Forms & meanings

Addressees: Learners and teachers

Unmasking words…

All words of a plurilingual series have a common core meaning. One such encounters e.g. between fr. travail/emploi/job/boulot... – it. lavoro/fatica/impiego… – en. job/work/employment… – pt. labor/trabalho/emprego… – sp. labor/trabajo/obra/curro/faenca…, en. paine/fr. peine/it. pena… for example, in the intersection of meanings about ‘trouble – work – punishment – pain – opportunity to make money, dullness/fatigue’. Knowing a core meaning already allows a rough understanding, but requires further concretization. With the knowledge of only three closely adjacent words esfuerzo, peine, labor you already understand ten (see above). Between the different semantic cues you can create mnemonics: “Work (labor, travail… ) makes trouble (peine), requires effort (effort, esfuerzo), possibly brings even pain (peine, dolore … ), makes you tire (fatiga), can even be a punishment (pena, castigo, punizione).” Only the co-texts (i.e. the textual environment of a word) and contexts (the situation in which a word is encountered or used) bring clarity about what exactly is meant. What will you have to do to identify the core meaning?

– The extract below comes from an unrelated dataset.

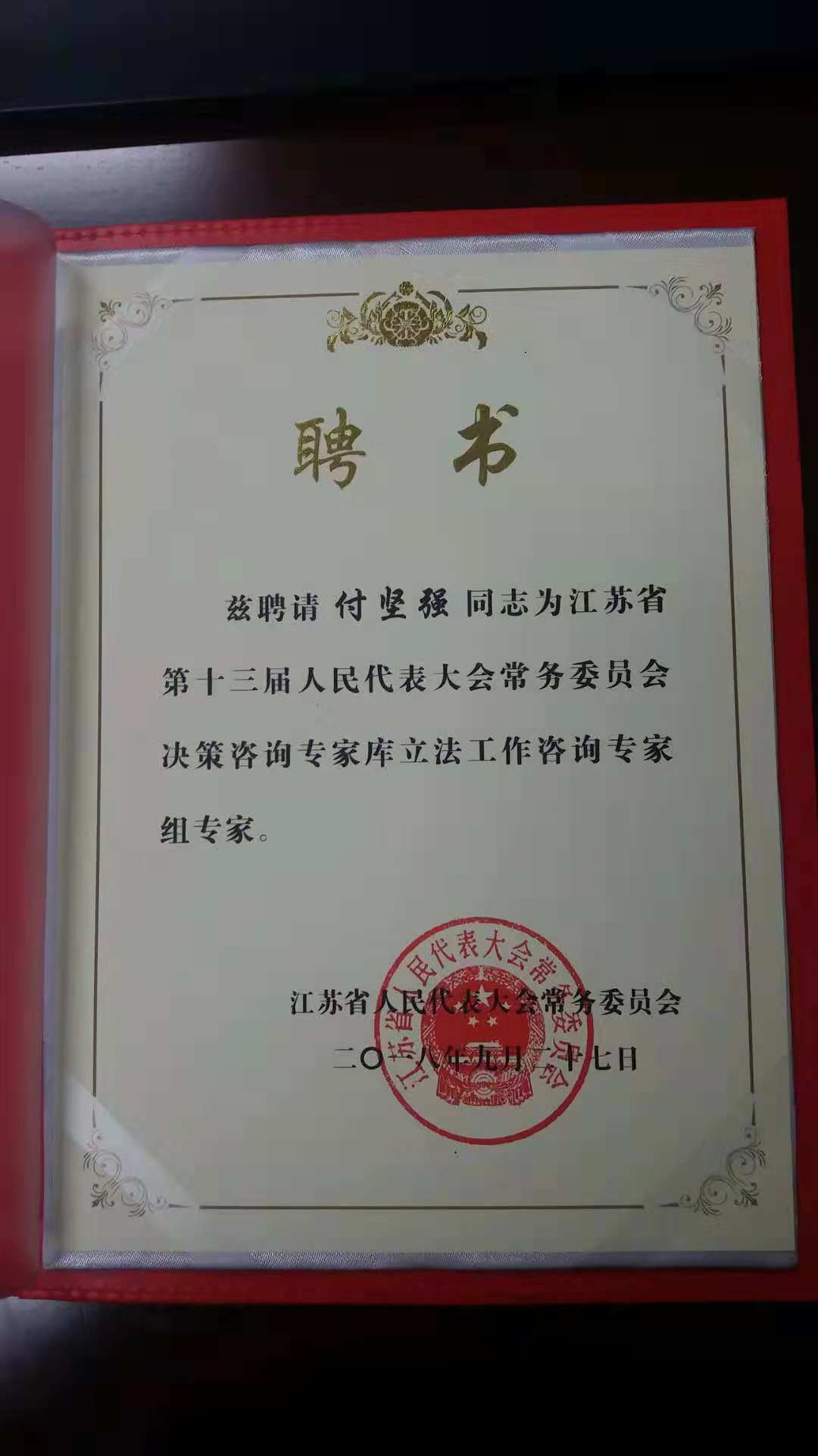 付坚强教授受聘担任江苏省人大常委会立法决策咨询专家。

  1. Put the meaning frame (search frame) of the word wide, it should capture all meaning features.
  2. Analyze the word’s form or surface by de- and recomposing it (prefixes, radicals, conjugated forms, suffixes). Do you know words of other languages which look the same.
  3. Pay attention to the target word’s textual environment (co-text) and the situational context.
  4. Check whether the concrete meaning of the word you suppose fits into the overall message of the text (content-related plausibility check). Does your first attempt already seem plausible? Possibly use tools, e.g. dictionaries, for verification. A further specification may be required.
  5. Find out the properties of the word of interest (word type, genus, conjugation type, transitivity/intransivity, parent/subordinate term, multilingual word family and description [effort, s’efforcer de f.qc., fort/force]). Question about the equivalents in other languages (does en. *to effort exist? No, English prefers to make an effort, to put some effort into…). Create monolingual and multilingual word networks to consolidate your insights.
  6. Speaking of content: Differentiate according to possible meanings and concretize the core meaning by finding out what the neighboring meanings have in common. Below, the parent feature is ‘bad’; its subordinate associations: effort > work > hurts/is unpleasant > punishment (disagreable, effort, gives pain, punishment. ..; sp. malo > duele/dolor > pena. Does the word appear in idioms (vale la ~…, fr. ça vaut la peine)? Expand your knowledge of the target language and the bridge language.
  7. Check your result by carrying out another plausibility check or by using reliable help(s) (dictionaries, concordances, grammars, a target language competent person).
  8. Insert the findings into your hypothesis grammar. This includes the assumptions you develop about the new word/structure. The hypothesis grammar, as already said, needs to be reviewed at the end. The language hypotheses can refer both to a single target language and to the correspondences between languages. Example: fr. charité and it. carità, pt. caridade, sp. caridad show the rule “fr. ch-+ vowel in the initial position corresponds to it./pt./sp. /k/ or c- if a dark vowel (like a,o,u) follows”. You will find the hypothesis confirmed in fr. chien, it. cane, pt. cão, sp. can (next to perro). Of course, there are exceptions, a calamity, une calamité, calamità, calamidade, calamidad.

Happy unmasking of words’ forms and meanings!